Symptom: early proposals were technically fine programmes but felt generic — nothing referenced what I’d actually lifted. Diagnosis: the model wasn’t being given any real history to reason from. Fix: derive and always include the muscle-balance and recent-performance summaries — proposals immediately started referencing real numbers instead of guessing at them.
Symptom: the model occasionally invented a plausible-sounding exercise reference that didn’t exist in my library. Diagnosis: language models are probabilistic; an invented reference was always going to happen eventually. Fix: validate every reference against the real library client-side and silently discard anything that doesn’t resolve — a wrong proposal becomes a smaller proposal, never corrupted data.

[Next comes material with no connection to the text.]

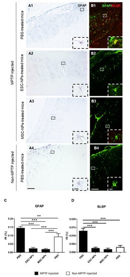 MPTP-injected mice show reduced astrogliosis after NP peripheral treatment. MPTP inoculated ESC-NPs and MSC-NPs and PBS-treated mice, along with non-MPTP PBS mice, were sacrificed 10 days after the infusion. Brains were collected and astrocytosis was evaluated by histology. Representative images for bright field GFAP immunostaining (A1–A4) and double immunofluorescence for GFAP and BLBP (B1–B4) in the striatum of MPTP-injected and non-MPTP-injected age-matched mice are presented. Insets show details of immunopositive astrocytes depicted in dashed squares. Image analysis quantification of the GFAP (C) and GFAP/BLBP-positive cells (D) in the whole brain (ANOVA, ** p < 0.01; ***p < 0.001). Scale bar: 100μm (A1–A4, B1–B4); 10μm (insets). N = 6 mice/group, 8 sections/mouse.
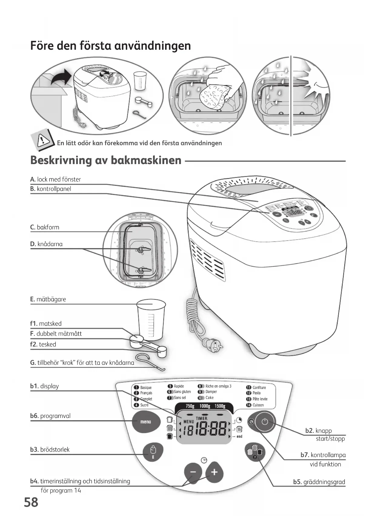 TEFAL-OW5000-NC00017447_TEFAL-OW5000-NC00017447 26/07/10 10:16 Page57Basique Français Complet Rapide Sans gluten Sans sel Riche en oméga 3 Damper Cake Sucré Confiture Pasta Pâte levée Cuisson Före den första användningen Bas iqueFran çai sCom pletRap ideSan s gl utenSan s se lRic he e n om éga 3Dam perCak eSCon fitu rePast aPât e le véeC En lätt odör kan förekomma vid den första användningen Beskrivning av bakmaskinen A. lock med fönster B. kontrollpanel f2. tesked b1. display b2. knapp start/stopp b7. kontrollampa vid funktion b5. gräddningsgrad F. dubbelt mätmått f1. matsked C. bakform G. tillbehör “krok” för att ta av knådarna E. mätbägare b6. programval b3. brödstorlek b4. timerinställning och tidsinställning för program 14 D. knådarna

Symptom: sending the full exercise library with every message got expensive fast once conversations ran to several turns. Diagnosis: the library is large, but it’s also stable — it doesn’t change mid-conversation. Fix: mark that block for prompt caching, so repeat and refinement calls within the same session read it from cache instead of paying full price every time.
The stack
| Component | Why |
|---|---|
| React | A mobile-first frontend that works from a phone in a gym with patchy signal |
| Supabase | Auth, a Postgres database with row-level security, and the serverless functions that keep the AI key off the browser entirely |
| Claude API | Every AI feature — routine proposals, workout summaries, periodic reviews, and reading exercises out of photos |
Results
Writing a session used to mean checking a spreadsheet, remembering what I’d been neglecting, and spending fifteen or twenty minutes building something from a mental template. Now it’s a one-sentence description and a few seconds of waiting, and the result actually reflects what I’ve done rather than a generic plan. The post-workout summaries changed how I use my own history — I went from glancing at logged numbers as a confirmation to reading a specific note on whether to add weight, hold, or ease off next time. The photo-to-exercise feature quietly removed the single biggest piece of friction in maintaining the library: the old path was noting a machine, looking it up later, and typing it in; the new path is a photo and a confirmation tap.
What’s next
Nearer term, an offline-capable workout screen and a proper background notification for the rest timer would fix the two rough edges that show up most in an actual gym with patchy signal and a phone that’s locked in a pocket between sets. Further out, opening this to more than one person means rethinking the cost model properly — real billing, a quota that fails safely instead of open, and per-location equipment profiles so the same app works for a gym chain with different kit at every branch, not just my own gym.